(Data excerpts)
- Opening Delimiter -

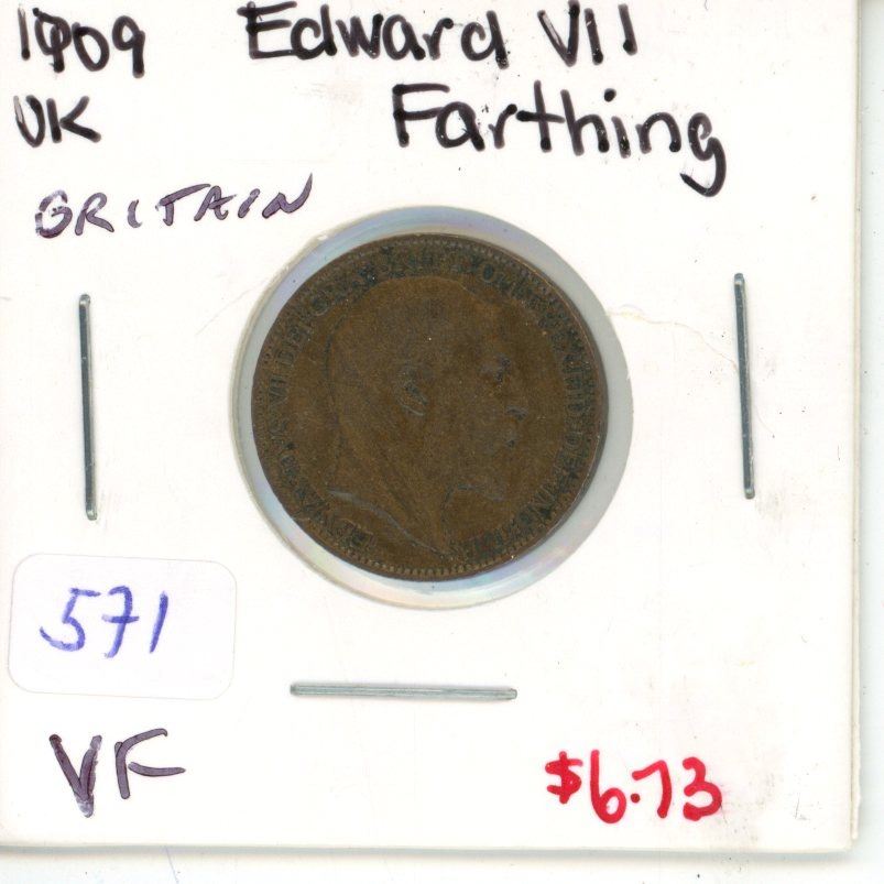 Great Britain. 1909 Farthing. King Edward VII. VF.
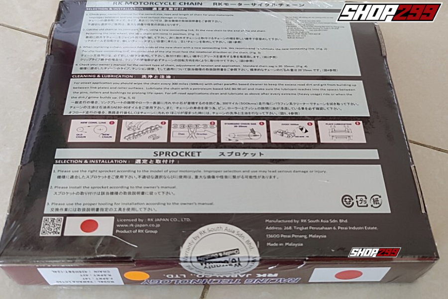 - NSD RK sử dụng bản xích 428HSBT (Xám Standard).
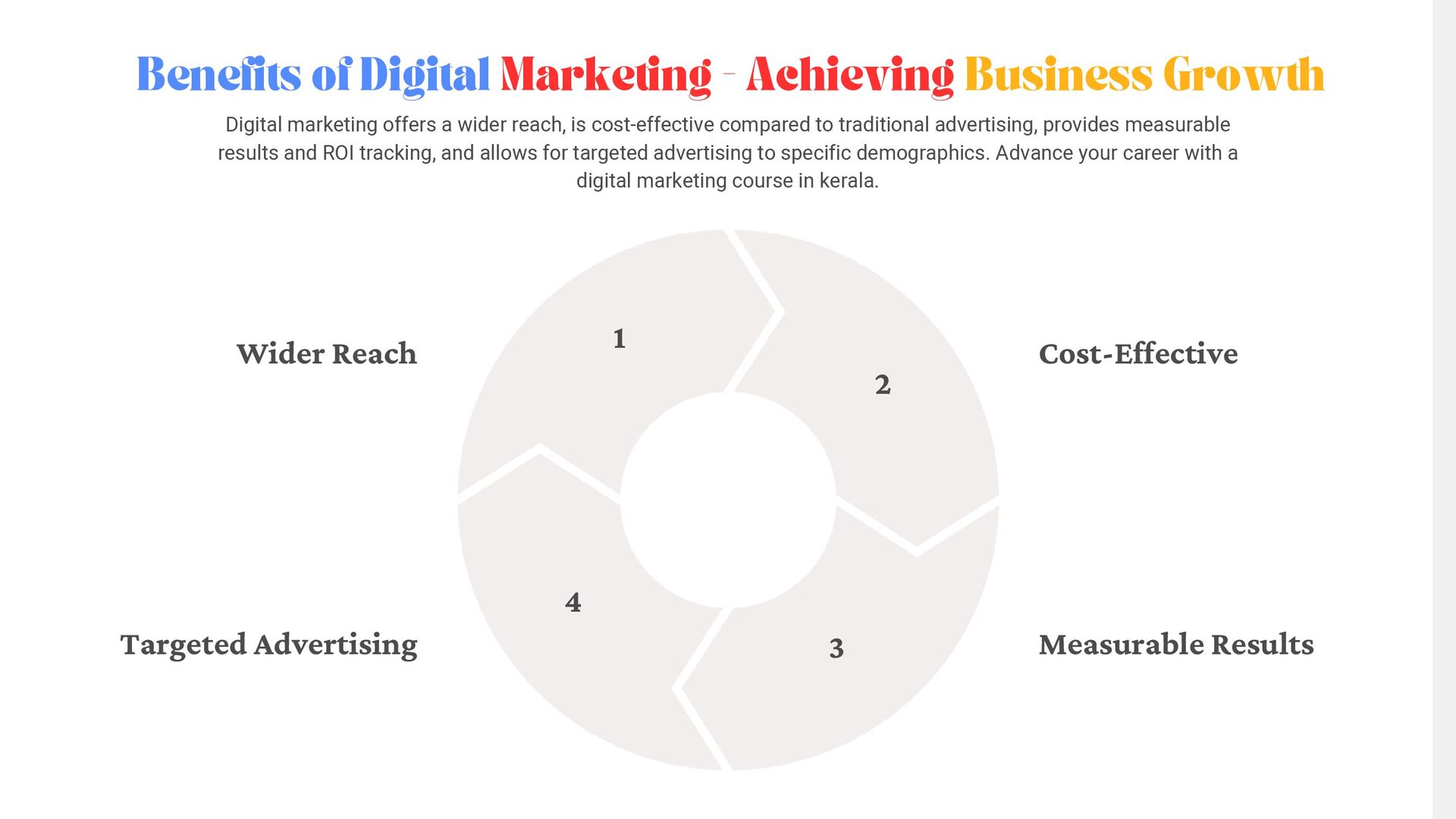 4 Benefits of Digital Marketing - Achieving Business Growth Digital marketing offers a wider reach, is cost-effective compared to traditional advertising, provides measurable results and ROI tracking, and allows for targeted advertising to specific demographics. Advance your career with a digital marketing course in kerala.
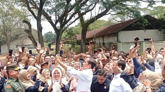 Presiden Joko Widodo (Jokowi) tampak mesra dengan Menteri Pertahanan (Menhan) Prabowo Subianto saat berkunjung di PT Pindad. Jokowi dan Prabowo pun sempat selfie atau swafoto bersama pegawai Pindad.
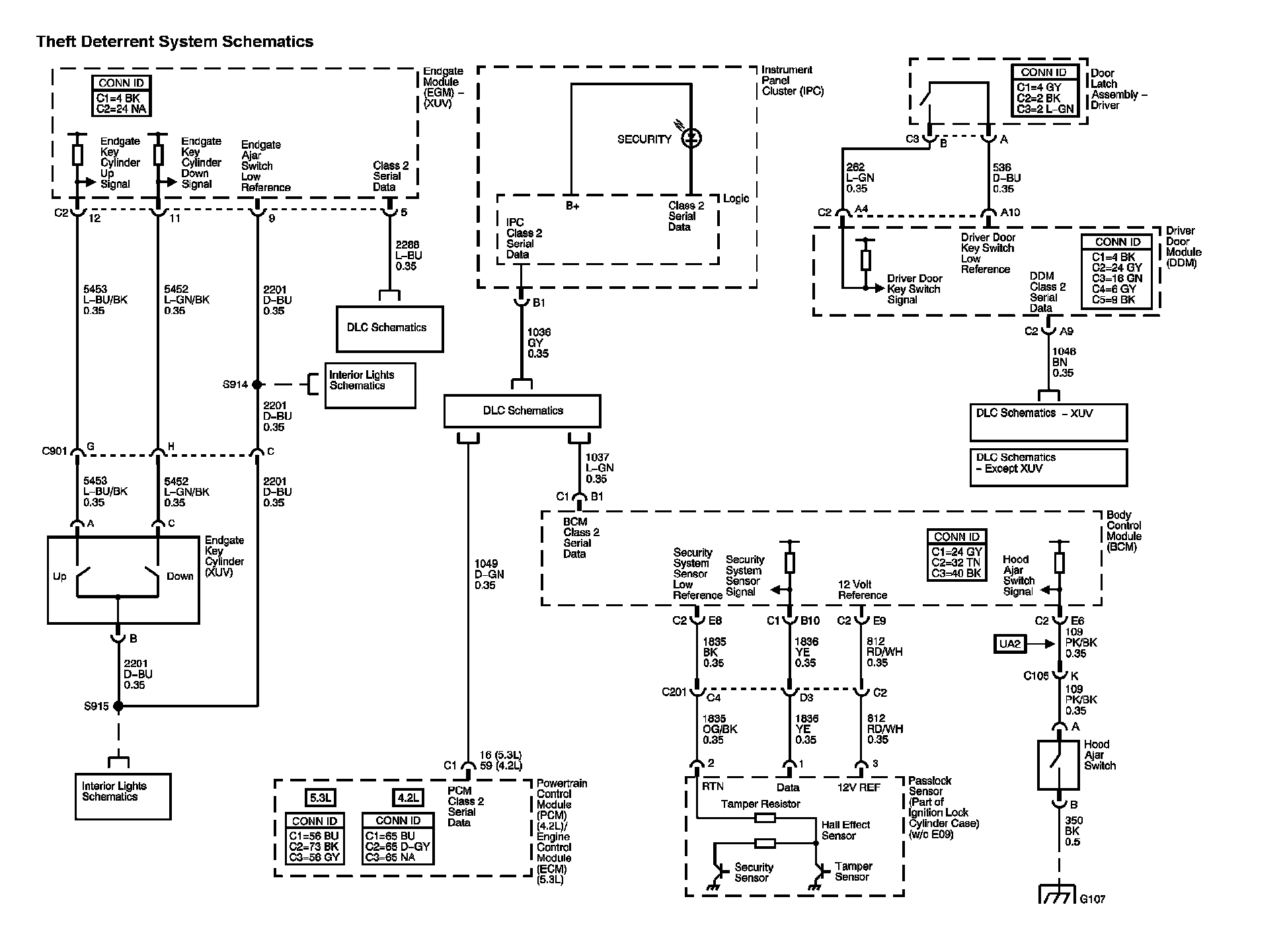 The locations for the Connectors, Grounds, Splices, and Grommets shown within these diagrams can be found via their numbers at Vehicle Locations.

- Closing Delimiter -

* **Goal of the exercise**
Set down exactly the lines running from the beginning of the entries above to the line that contains "- NSD RK sử", including both, and leave out pictures.

* **Answer to this problem**
 Great Britain. 1909 Farthing. King Edward VII. VF.
 - NSD RK sử dụng bản xích 428HSBT (Xám Standard).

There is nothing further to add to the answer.